= Le Médecin volant =

French play by Molière

Le Médecin volant (The Flying Doctor) is a French play by Molière, The date of its actual premiere is unknown, but its Paris premiere took place on 18 April 1659. Parts of the play were later reproduced in L'Amour médecin, and Le Médecin malgré lui. It is composed of 15 scenes and has seven characters largely based on stock commedia dell'arte roles.

==Characters==
- Gorgibus, an old nobleman, the father of Lucile (Commedia dell'Arte: Pantalone)
- Lucile, daughter of Gorgibus, engaged to Villebrequin (Commedia dell'Arte: Innamorata)
- Gros-René : Gorgibus' servant (role created by René Berthelot)
- Sabine, Lucile's cousin, the source of all the intrigue in the play (Commedia dell'Arte: Columbina)
- Valère : Lucile's lover (Commedia dell'Arte: Innamorato)
- Sganarelle: Hero of the play, valet to Valère. (Commedia dell'Arte: Arlecchino), role created by Molière
- A Lawyer (Commedia dell'Arte: Il Dottore)

==Plot==
Gorgibus wants at all costs to marry Lucile to the old Villebrequin. However, Lucile loves Valère. Entrusting his love to Lucile's cousin Sabine and his valet Sganarelle (who takes on a double role as both himself and his twin "doctor" brother"), Valère is going to need all the help he can get to solve this problem.
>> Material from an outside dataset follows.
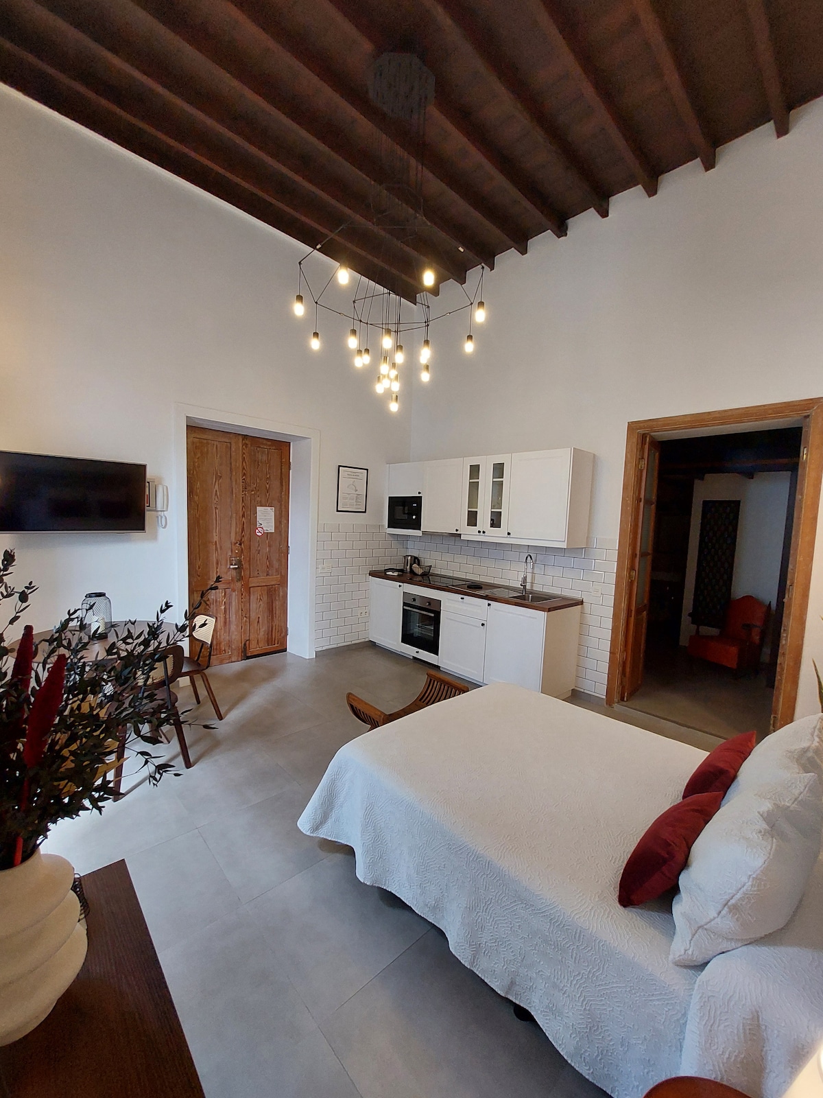 V Casa Lela si můžeš užít apartmán s vintage atmosférou, ale s moderním vybavením: televizí, internetem a klimatizací. V hlavní místnosti najdeš multifunkční prostor: ložnici s manželskou postelí, která se otevírá do kuchyňsko-jídelního koutu, a balkon s vysokými dřevěnými stropy. V samostatné koupelně je sprcha, skříň a komoda. V podkroví se nachází pracovní prostor, do kterého se dostaneš po dřevěném schodišti. Užij si pobyt.

==The flying doctor in comedy==
The theme of the "Medico Volante" or "flying doctor" belongs to the traditional repertoire of 17th century Italian comedy. There are at least two anonymous commedia dell'arte plays known by this name, as well as one later Italian comedy, also anonymous, named Truffaldino medico volante, comedia nova e ridicula. These plays take the trope of the trickster who pretends to be a doctor and put him in a situation where he's forced to play his two roles one after the other, with increasingly short intervals, eventually reaching the point of the (seemingly impossible) simultaneous presence on stage of the two characters at the same time. The plays made along this storyline were named "flying doctor comedies" because the false doctor, who had to move quickly from the roof of a house to the ground floor and back (to create the illusion that he was two people), was attached by a rope to a hoop connected to the main beam of the stage, and he appeared to be flying when he was carried between the two locations.